**REQUIRED ACTION**
Reproduce the opening lines of the records exactly, up to and including the line in which "Kepala Bagian Kesejahteraan" occurs.

**MATERIAL SHOWN**
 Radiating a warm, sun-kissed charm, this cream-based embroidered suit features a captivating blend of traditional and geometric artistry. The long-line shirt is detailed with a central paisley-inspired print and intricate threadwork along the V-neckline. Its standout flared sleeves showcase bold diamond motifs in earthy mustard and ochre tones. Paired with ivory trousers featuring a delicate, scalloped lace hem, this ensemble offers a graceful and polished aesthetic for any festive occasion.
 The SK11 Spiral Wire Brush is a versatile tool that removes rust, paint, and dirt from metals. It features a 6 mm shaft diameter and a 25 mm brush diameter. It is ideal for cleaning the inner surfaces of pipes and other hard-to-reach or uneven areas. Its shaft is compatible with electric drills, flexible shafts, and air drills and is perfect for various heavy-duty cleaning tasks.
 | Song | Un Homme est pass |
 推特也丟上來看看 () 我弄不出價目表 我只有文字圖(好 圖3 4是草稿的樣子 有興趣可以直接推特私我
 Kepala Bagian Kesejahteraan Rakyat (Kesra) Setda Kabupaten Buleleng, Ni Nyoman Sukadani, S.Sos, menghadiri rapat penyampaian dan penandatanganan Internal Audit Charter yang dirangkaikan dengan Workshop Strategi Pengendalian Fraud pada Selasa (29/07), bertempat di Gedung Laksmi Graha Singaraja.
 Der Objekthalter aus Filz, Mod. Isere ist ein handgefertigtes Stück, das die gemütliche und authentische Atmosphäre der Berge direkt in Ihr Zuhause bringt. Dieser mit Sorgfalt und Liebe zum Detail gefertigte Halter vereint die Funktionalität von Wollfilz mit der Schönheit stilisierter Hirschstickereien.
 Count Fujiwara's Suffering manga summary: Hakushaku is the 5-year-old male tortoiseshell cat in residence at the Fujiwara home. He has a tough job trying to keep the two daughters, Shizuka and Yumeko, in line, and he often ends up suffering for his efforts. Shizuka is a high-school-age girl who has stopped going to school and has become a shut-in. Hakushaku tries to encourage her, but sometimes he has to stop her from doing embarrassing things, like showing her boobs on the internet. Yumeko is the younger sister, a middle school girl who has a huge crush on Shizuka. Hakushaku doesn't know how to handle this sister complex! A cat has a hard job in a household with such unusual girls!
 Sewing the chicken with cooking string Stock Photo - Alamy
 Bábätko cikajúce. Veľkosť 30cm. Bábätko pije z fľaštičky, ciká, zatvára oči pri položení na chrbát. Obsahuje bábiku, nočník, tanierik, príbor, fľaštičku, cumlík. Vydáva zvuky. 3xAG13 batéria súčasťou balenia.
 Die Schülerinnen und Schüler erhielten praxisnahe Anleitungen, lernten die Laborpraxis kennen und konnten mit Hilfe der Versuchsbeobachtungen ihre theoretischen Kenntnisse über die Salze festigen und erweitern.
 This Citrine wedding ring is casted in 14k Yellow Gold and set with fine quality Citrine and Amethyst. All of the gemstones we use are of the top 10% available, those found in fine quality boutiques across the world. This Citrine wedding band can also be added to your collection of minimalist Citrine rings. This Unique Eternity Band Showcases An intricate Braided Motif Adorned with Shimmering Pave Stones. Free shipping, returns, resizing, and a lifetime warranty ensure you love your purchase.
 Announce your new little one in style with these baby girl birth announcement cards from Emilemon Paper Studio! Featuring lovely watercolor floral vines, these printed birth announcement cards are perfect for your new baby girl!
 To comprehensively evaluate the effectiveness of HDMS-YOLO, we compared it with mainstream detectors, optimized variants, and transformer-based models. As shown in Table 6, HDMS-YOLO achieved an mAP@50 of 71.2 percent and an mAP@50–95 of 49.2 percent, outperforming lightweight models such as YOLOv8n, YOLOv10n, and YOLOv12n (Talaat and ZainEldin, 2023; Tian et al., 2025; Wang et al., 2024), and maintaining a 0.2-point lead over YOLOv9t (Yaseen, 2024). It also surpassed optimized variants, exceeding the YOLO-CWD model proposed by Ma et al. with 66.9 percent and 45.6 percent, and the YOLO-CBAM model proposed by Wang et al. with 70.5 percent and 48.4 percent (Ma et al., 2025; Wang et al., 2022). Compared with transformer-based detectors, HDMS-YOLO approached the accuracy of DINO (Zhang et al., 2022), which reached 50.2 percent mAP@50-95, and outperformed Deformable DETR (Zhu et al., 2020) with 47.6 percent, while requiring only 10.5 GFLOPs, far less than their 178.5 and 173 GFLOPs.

**RESULT OF THIS TASK**
 Radiating a warm, sun-kissed charm, this cream-based embroidered suit features a captivating blend of traditional and geometric artistry. The long-line shirt is detailed with a central paisley-inspired print and intricate threadwork along the V-neckline. Its standout flared sleeves showcase bold diamond motifs in earthy mustard and ochre tones. Paired with ivory trousers featuring a delicate, scalloped lace hem, this ensemble offers a graceful and polished aesthetic for any festive occasion.
 The SK11 Spiral Wire Brush is a versatile tool that removes rust, paint, and dirt from metals. It features a 6 mm shaft diameter and a 25 mm brush diameter. It is ideal for cleaning the inner surfaces of pipes and other hard-to-reach or uneven areas. Its shaft is compatible with electric drills, flexible shafts, and air drills and is perfect for various heavy-duty cleaning tasks.
 | Song | Un Homme est pass |
 推特也丟上來看看 () 我弄不出價目表 我只有文字圖(好 圖3 4是草稿的樣子 有興趣可以直接推特私我
 Kepala Bagian Kesejahteraan Rakyat (Kesra) Setda Kabupaten Buleleng, Ni Nyoman Sukadani, S.Sos, menghadiri rapat penyampaian dan penandatanganan Internal Audit Charter yang dirangkaikan dengan Workshop Strategi Pengendalian Fraud pada Selasa (29/07), bertempat di Gedung Laksmi Graha Singaraja.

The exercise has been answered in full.